A significant model of this search could be Peter Eisenman' study “Ten
canonical buildings 1950-2000”, where some important modern architecture
works are analytically "deconstructed" in order to restore the logics governing
their "construction". This type of cognitive operation is at the same time a
planning operation, since it "rebuilds" the invisible net of the conceptual order
sustaining the designed and possibly built work. Such operation is all the more
feasible because the architecture refers to a recognizable order principle. This
kind of inquiry method is carried out on some (realized) Palladio‟s villas and
on project of an ideal city by Serlio.
Keywords: CAAD, Proportions, Symmetry, Representation, Analysis, Model
1
General remarks
The workgroup is represented by Gian Piero Calza and Andrea Cammarata,
lecturers, Matteo Cattaneo and Andrea Torri, assistant lecturers, Ermanno Foresti,
Nicola Marinaro, Riccardo Nemeth and Alexandros Oikonomoy (Palladio) and
Ludovico de Sanctis, Filippo Galbiati, Emilio Lombardo, Elisa Sottotetti, Alexandru
Stoica (Serlio), senior students.
The Autodesk Revit Architecture and Graphisoft Archicad1 programs have been
used for these "redesign" and "reconstruction" tutorials of significant works in the
history of architecture.
Without analyzing the detailed differences between the various programs, we will
only describe their potential, especially with reference to the architectural elements
and compositive criteria of the treated works.

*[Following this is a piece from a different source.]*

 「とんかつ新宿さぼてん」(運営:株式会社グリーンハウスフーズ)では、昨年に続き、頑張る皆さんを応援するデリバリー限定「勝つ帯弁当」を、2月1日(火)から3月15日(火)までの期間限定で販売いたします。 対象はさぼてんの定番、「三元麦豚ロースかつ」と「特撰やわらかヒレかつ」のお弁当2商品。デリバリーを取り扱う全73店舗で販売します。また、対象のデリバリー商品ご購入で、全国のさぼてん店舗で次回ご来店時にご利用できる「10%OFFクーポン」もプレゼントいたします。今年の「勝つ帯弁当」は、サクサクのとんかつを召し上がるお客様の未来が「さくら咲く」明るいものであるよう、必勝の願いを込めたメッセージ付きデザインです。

The choice of these programs as opposed to the available CAAD modelers is not
prearranged. The students in charge of realizing the models chose the programs to be
used, based on their capabilities and personal preferences. The lecturers requested to
use different programs, in order to make comparisons and face technical issues that
could allow to understand interaction, import and export processes.
1
The aim of this paper, or the authors' task, is not describing these programs and/or their
potential. We will restrict ourselves to describing the parts and the components that we
consider as worth stressing for understanding the work produced and the paper itself. Readers
who wish to deepen the subject can visit www.autodesk.com and www.graphisoft.com.
2
Historical framework
Facing the three-dimensional reconstruction of bygone historical architectures is an
interesting challenge both for professional researchers and designers and for those
who are closing their architecture training.
For the latter, the historical architecture must be studied with the same criteria and
tools used to study modern architecture: i.e. by searching the rational bases on which
the design concepts are based and the formal choices of the architectural language;
such search must be carried out by means of IT tools.

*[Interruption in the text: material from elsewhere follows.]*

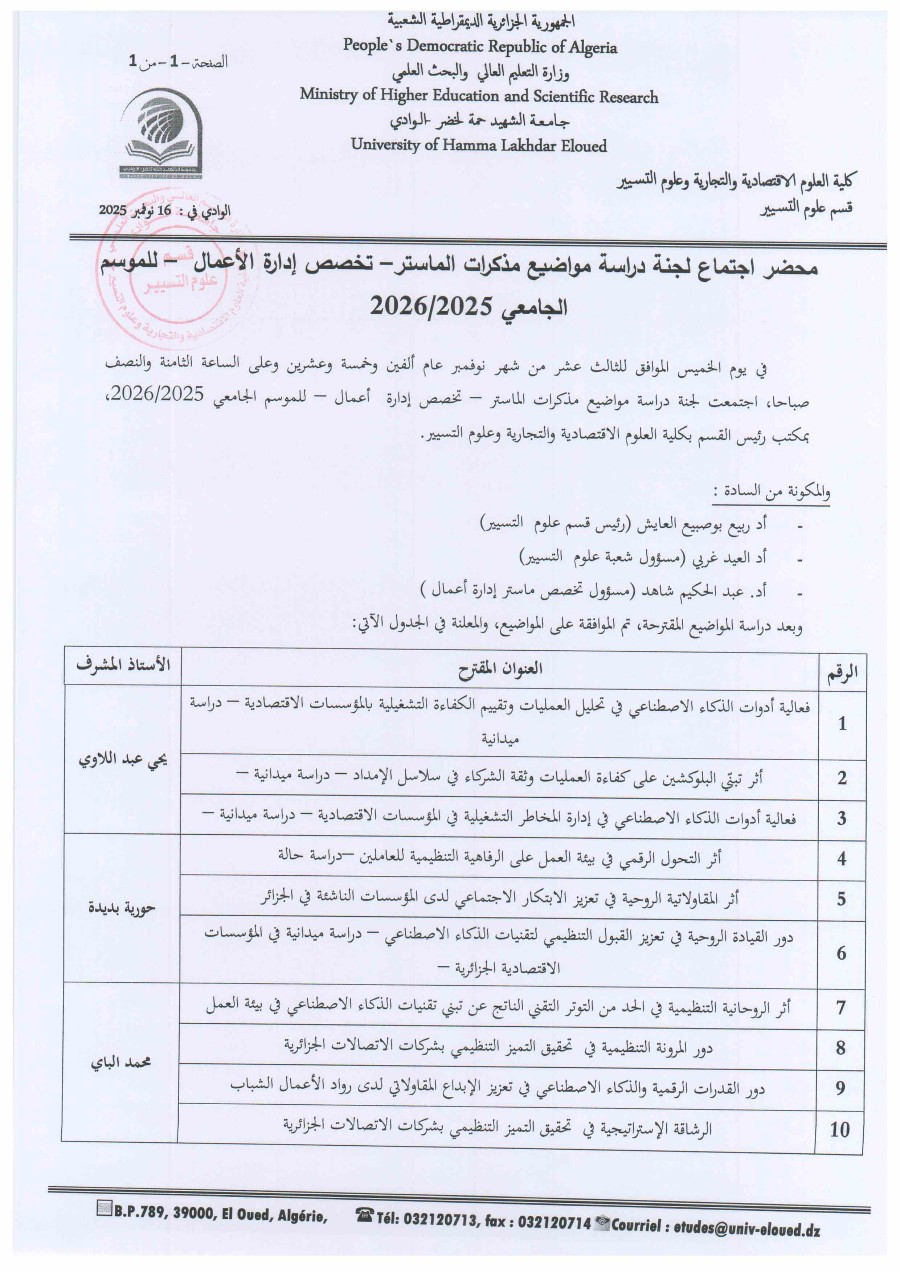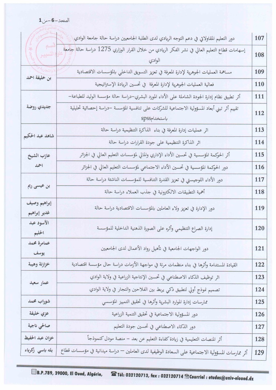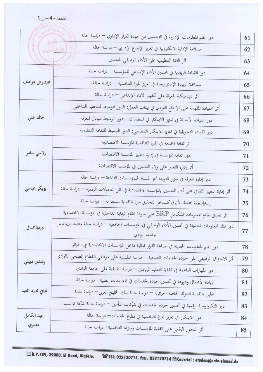 مواضيع المقترحة لسنة ثانية ماستر إدارة الاعمال

A significant model of this search could be Peter Eisenman' study “Ten canonical
buildings 1950-2000”, where some significant modern architecture works are
analytically "deconstructed" in order to restore the logics governing their
"construction". This type of cognitive operation is at the same time a planning
operation, since it "rebuilds" the invisible net of the conceptual order sustaining the
designed and possibly built work. Such operation is all the more feasible because the
architecture refers to a recognizable order principle.

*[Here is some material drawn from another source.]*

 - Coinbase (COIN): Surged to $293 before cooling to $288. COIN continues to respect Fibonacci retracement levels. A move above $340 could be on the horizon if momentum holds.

The whole of classical architecture contains this principle - the Vitruvian treaty is
the unquestionable summa - and the more so we can find in the Renaissance
architecture, which is a true coding of classical architecture, as proven by the treaties
by Alberti, Serlio, Palladio and Vignola. If Alberti's treaty contains no pictures, and
Vignola's just illustrates the individual elements of the five orders, Serlio's and
Palladio's treaties are entirely design manuals, built on a repository of architectural
typologies which constructive and formal components have been recovered through
"design". With a more modeling approach by Serlio, and more related to his own
works by Palladio. Serlio could be considered as the author who organized the basic
elements of the classical architectural languages, the "orders", and he acknowledges
Palladio as the most rigorous interpreter of this language. That's how the choice of
certain works by these authors as quite significant case studies is justified for a
disassembly and re-assembly operation of the "constituent" logics supporting them.
With reference to Eisenman's study again, these architectures can be defined as
"canonical", meaning «the history of architecture as a continual and unremitting
assault on what has been thought to be the persistence of architecture: subject/object,
figure/ground, solid/void, and the part-to-whole relationship».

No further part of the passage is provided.